On the topic of historical fiction and its influence on modern views of race relations, literary scholar Rachelle Kuehl notes that Laura Ingalls Wilder'south Little House series has received backlash for her problematic portrayal of Native Americans.[44] They have also been the subject field of postcolonial writing including Kathy Jetnil-Kijiner'south "To Laura Ingalls Wilder" included in her 2017 collection Iep Jaltok: Poems from a Marshallese Daughter.
Enduring appeal [edit]
The original Little House books, written for elementary school–historic period children, became an enduring, eight-volume tape of pioneering life tardily in the 19th century based on the Ingalls family's experiences on the American frontier. Equally Irene Smith pointed out shortly after "These Happy Golden Years (1943) was published, Wilder began "with a style appealing to the eight-twelvemonth-olds and continuing in volumes of increasing length and difficulty.

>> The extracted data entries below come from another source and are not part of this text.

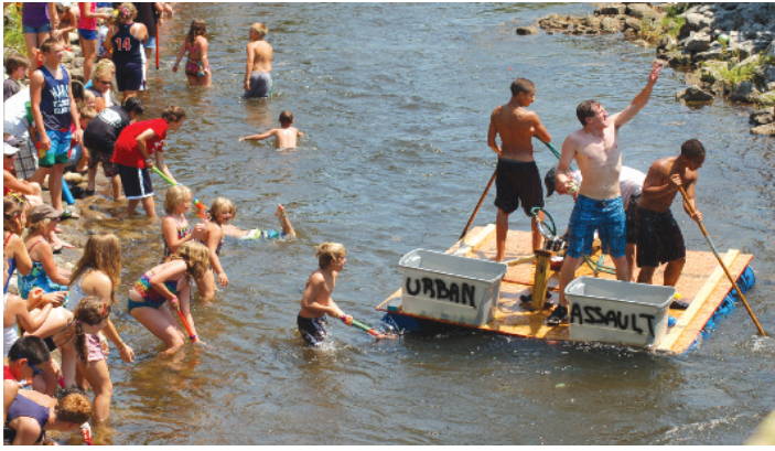
Competitors make their way down the Boyne River during the Commemorative raft race. Spectators and competitors alike toss water balloons and shoot squirt guns at each other during the event.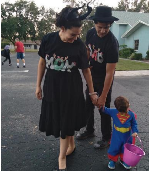
Costumed visitors at Bethlehem’s Trunk or Treat on Halloween

May God Bless Each One of You As We Celebrate Your Special Day!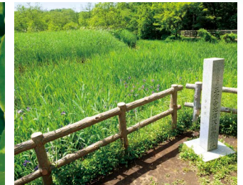
Sanpoji Pond Marsh plant colonies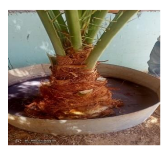
Fig.3 .Immersing the offshoots in the pesticide solution for 15 to 20 minutes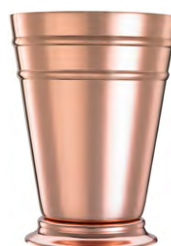
M37168CP Copper Plated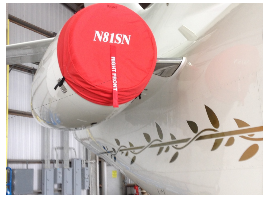
Falcon 900EX Intake Cover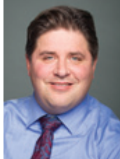
MP Calgary Centre Hon. Kent Hehr 950 6 Ave SW Calgary, Alberta T2P 1E4 ✉ kent.hehr@parl.gc.ca ☎ 403-244-1880 🌐 www.KentHehrMP.ca

I hope everyone is enjoying this gorgeous summer! And, just for fun, we are working on a design for t-shirts to show our pride in our small but mighty community, officially Calgary's littlest neighbourhood! Stay tuned...

This graduation is a distinguishing characteristic of the Little Firm books."[45] The First 4 Years, about the early days of the Wilder marriage, was discovered by her literary executor Roger MacBride after Lane'south 1968 death and published in 1971, unedited by Lane or MacBride. Information technology is now marketed as the ninth volume.[41]
Since the publication of Little Firm in the Big Woods (1932), the books have been continuously in impress and have been translated into xl other languages. Wilder's beginning—and smallest—royalty check from Harper, in 1932, was for $500, equivalent to $9,930 in 2021. By the mid-1930s the royalties from the Little House books brought a steady and increasingly substantial income to the Wilders for the first time in their l years of marriage. The collaboration as well brought the two writers at Rocky Ridge Farm the money they needed to recoup the loss of their investments in the stock market. Various honors, huge amounts of fan mail service, and other accolades were bestowed on Wilder.[ citation needed ]
Autobiography: Pioneer Girl [edit]
In 1929–1930, already in her early 60s, Wilder began writing her autobiography, titled Pioneer Girl. It was rejected by publishers. At Lane'south urging, she rewrote most of her stories for children. The result was the Fiddling House series of books. In 2014, the South Dakota State Historical Society published an annotated version of Wilder's autobiography, titled Pioneer Girl: The Annotated Autobiography.[46] [47]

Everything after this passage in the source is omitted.